Susan: The test case provided in comment #1 fails for me when run with the steps in the description. If you have been unable to reproduce the failure, could you please try so again. The (1) fix in comment #7 is only for robustness, and I feel it shouldn't be relied on for solving this kind of problem.
Doug - Here's what I observed yesterday (and verified again today) running the provided test case in a as a JUnit-Plugin test in a workspace with the latest from HEAD loaded. (I won't list all the plug-ins in my workspace, but can minimize my workspace to only the affected plug-ins if we believe this is affecting the difference in observations). - Latest code from HEAD unaltered - test case runs with java.lang.OutOfMemory Error - Apply the (1) fix you propose in comment #7 - test case passes, no errors - Apply the OperationHistoryActionHandler fixes - (2) fix from comment #7 and the fix from comment #13, without applying the (1) fix - test case runs with java.lang.OutOfMemoryError That's why I think the (1) fix must be made also, and why I can't prove with only the test case that the other two fixes are correct. If you are seeing different results I can debug this further. I don't have a problem with making the OperationHistoryActionHandler fixes, but need a way to prove they do something. I don't have OptimizeIt (yet) so I'm relying strictly on the test case. I realize that the nature of the failure (out of memory) is such that there could still be a leak and the test could pass if only a partial fix is made, but what I'm seeing is that the test will never pass without also making the MultiPageEditorSite fix. Are you seeing something different?

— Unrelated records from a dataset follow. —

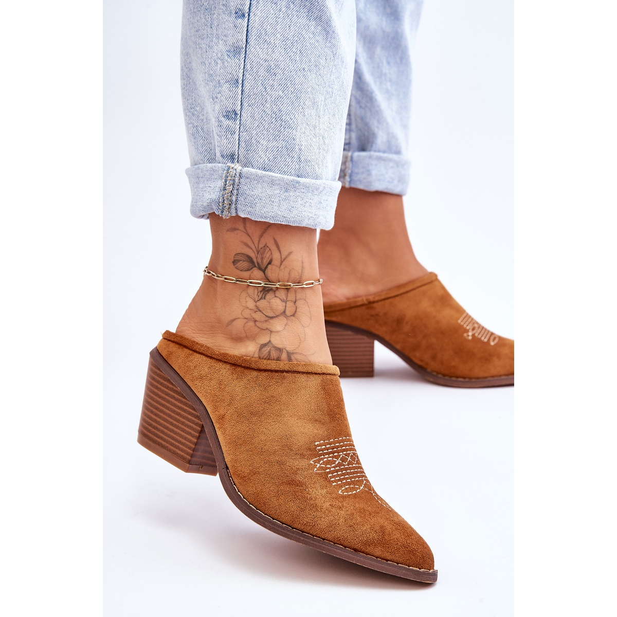 BM BM Dámské semišové pantofle Camel Romina Cowboy hnědý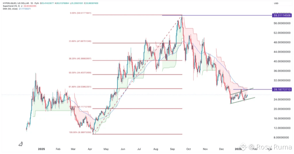 HYPE, the native token of Hyperliquid, has remained under heavy pressure over the past few months. After peaking at a record $60 in September, the token has fallen sharply to around $25.8, marking a steep 56% decline. The recent price action suggests that bearish momentum is far from over.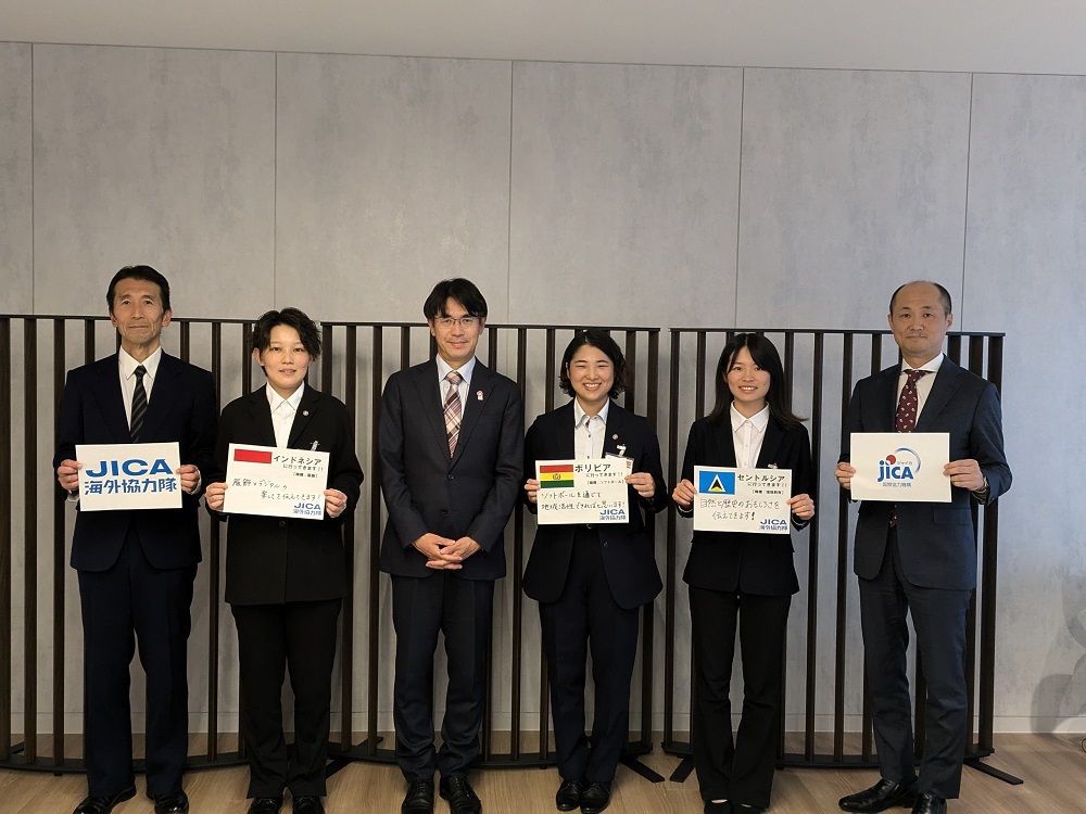 2024年11月15日、この冬に出発予定のJICA海外協力隊の村井さん、河村さん、梅本さんが山下知事を表敬訪問されました。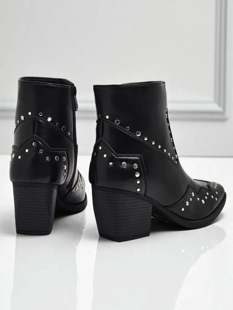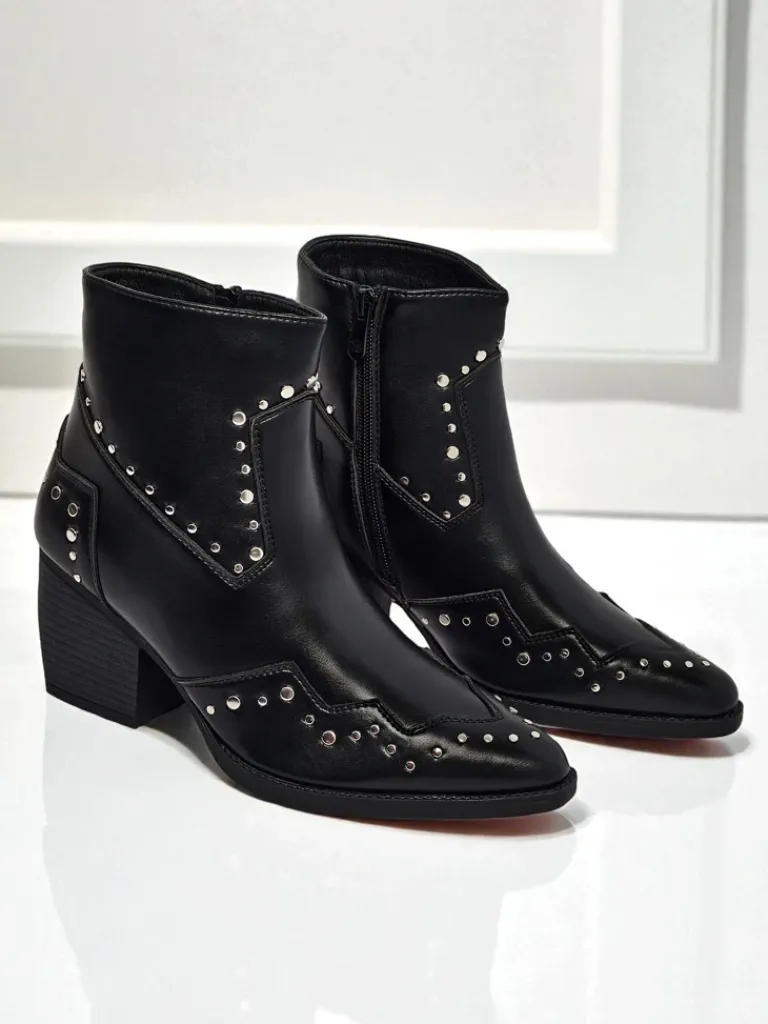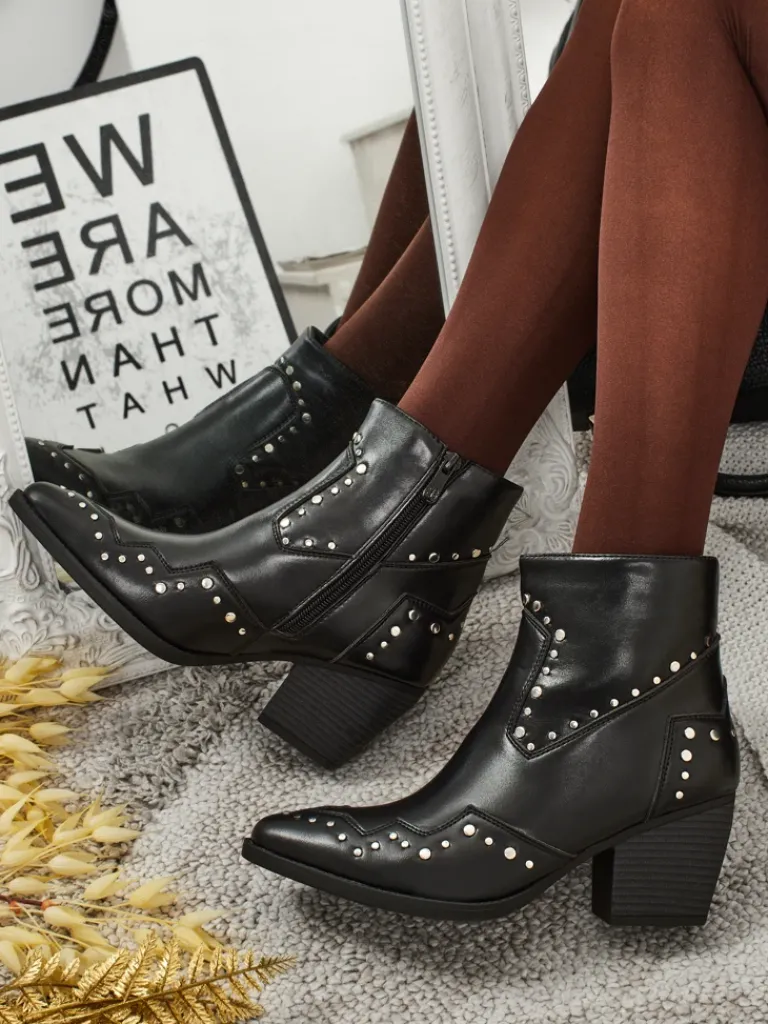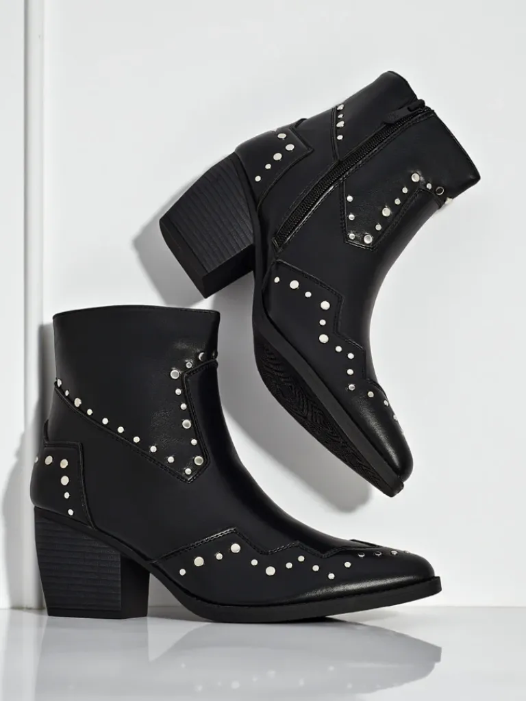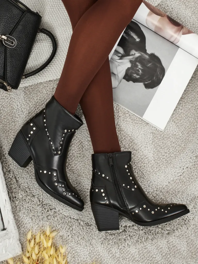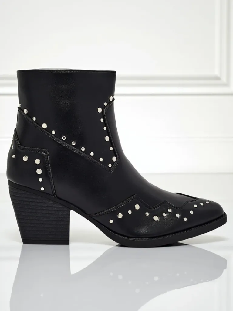 - Botki a’la kowbojki na obcasie, wykonane ze skóry ekologicznej. Wkładka eko skórzana, buty zapinane na zamek z ozdobnymi dżetami. Pasują do wielu kobiecych stylizacji!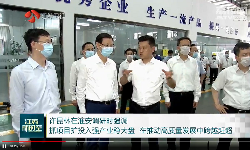 2019年10月16日下午,江苏省工信厅李强副厅长在淮阴区副区长蔡昀、淮安市工信局局长沙杰、淮阴区经信委主任李宏等市、区领导的陪同下

With only the patch suggested in comment #13, the leak is fixed. The other suggested fixes are only for robustness. The remaining problem can be traced back to the following missing lines from the test case (append to the openXSD method): Display display = workbenchWindow.getShell().getDisplay(); while (display.readAndDispatch());
Yes, the patch in comment 13 should suffice to fix the patch. If not, then the site is still being held onto. Sites should still release their reference to the part (and vice versa) when the part is disposed, but this requires a bit of tweaking to part lifecycle in PartSite, PartReference and subclasses, not just MultiPageEditorSite. I've filed bug 103810 for the site changes. Reassigning this one to Susan for the operation changes.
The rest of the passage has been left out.